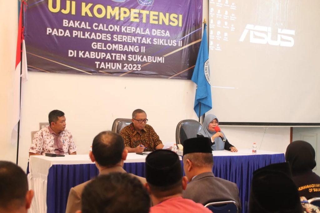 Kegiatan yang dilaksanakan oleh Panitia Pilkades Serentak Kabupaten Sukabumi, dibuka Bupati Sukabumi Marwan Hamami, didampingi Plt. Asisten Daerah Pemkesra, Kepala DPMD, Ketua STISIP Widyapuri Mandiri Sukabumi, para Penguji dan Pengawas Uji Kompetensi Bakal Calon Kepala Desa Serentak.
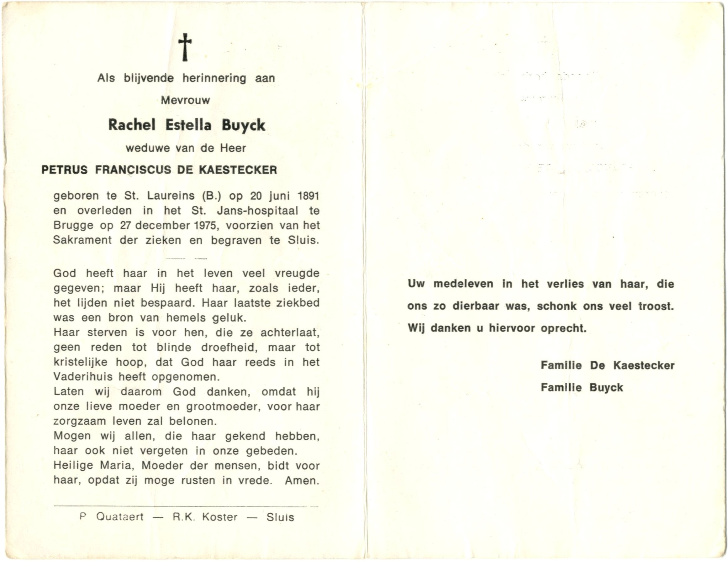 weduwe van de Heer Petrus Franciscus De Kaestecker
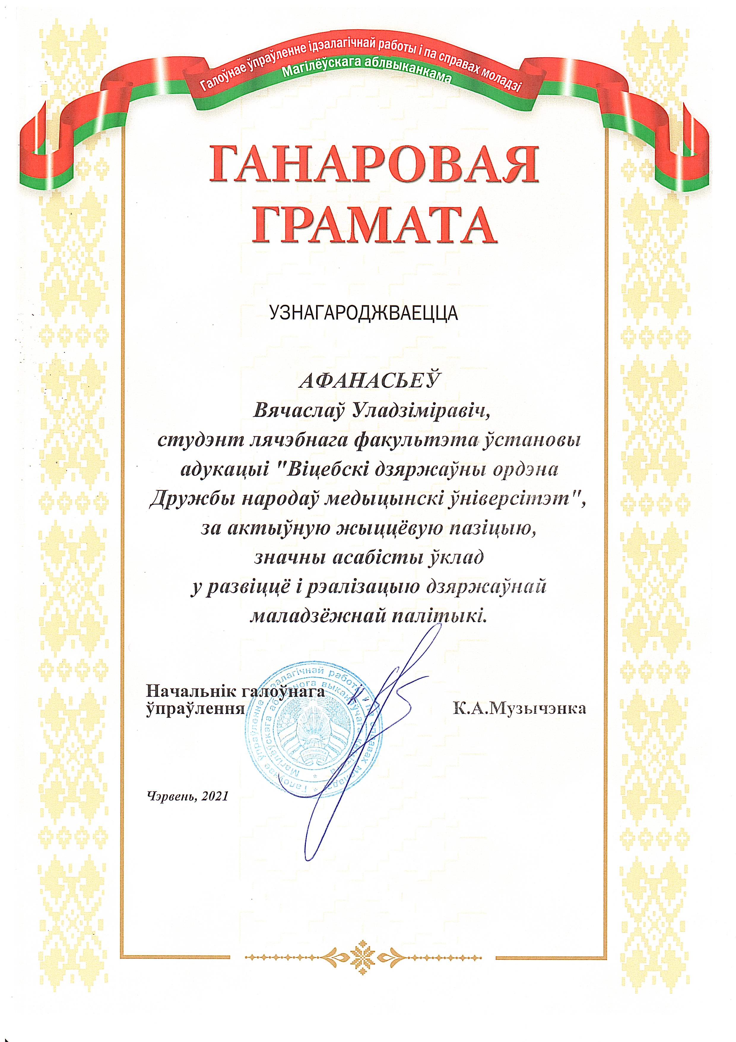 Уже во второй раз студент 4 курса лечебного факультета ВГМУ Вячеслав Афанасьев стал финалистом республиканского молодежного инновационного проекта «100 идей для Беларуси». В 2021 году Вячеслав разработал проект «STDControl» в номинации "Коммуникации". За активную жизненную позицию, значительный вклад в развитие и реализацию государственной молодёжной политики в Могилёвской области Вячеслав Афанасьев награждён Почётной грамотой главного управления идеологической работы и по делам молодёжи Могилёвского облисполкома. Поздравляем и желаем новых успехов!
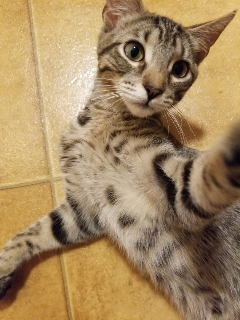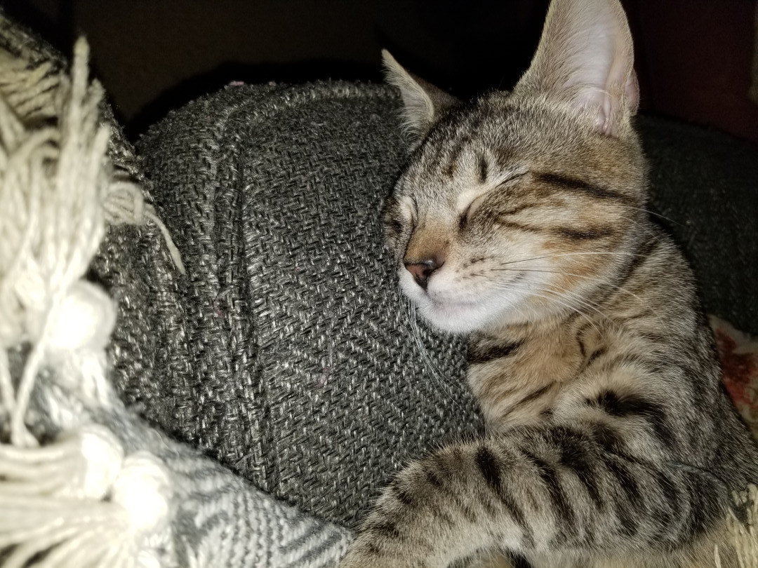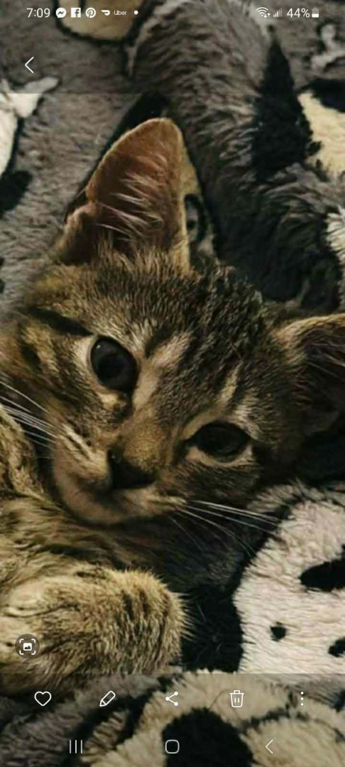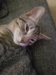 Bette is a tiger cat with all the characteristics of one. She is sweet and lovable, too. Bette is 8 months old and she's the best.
• • • • •
▸ Requirement:
Only the pictures are to be left out; copy all the remaining material above exactly.

▸ Exercise answer:
 Kegiatan yang dilaksanakan oleh Panitia Pilkades Serentak Kabupaten Sukabumi, dibuka Bupati Sukabumi Marwan Hamami, didampingi Plt. Asisten Daerah Pemkesra, Kepala DPMD, Ketua STISIP Widyapuri Mandiri Sukabumi, para Penguji dan Pengawas Uji Kompetensi Bakal Calon Kepala Desa Serentak.
 weduwe van de Heer Petrus Franciscus De Kaestecker
 Уже во второй раз студент 4 курса лечебного факультета ВГМУ Вячеслав Афанасьев стал финалистом республиканского молодежного инновационного проекта «100 идей для Беларуси». В 2021 году Вячеслав разработал проект «STDControl» в номинации "Коммуникации". За активную жизненную позицию, значительный вклад в развитие и реализацию государственной молодёжной политики в Могилёвской области Вячеслав Афанасьев награждён Почётной грамотой главного управления идеологической работы и по делам молодёжи Могилёвского облисполкома. Поздравляем и желаем новых успехов!
 Bette is a tiger cat with all the characteristics of one. She is sweet and lovable, too. Bette is 8 months old and she's the best.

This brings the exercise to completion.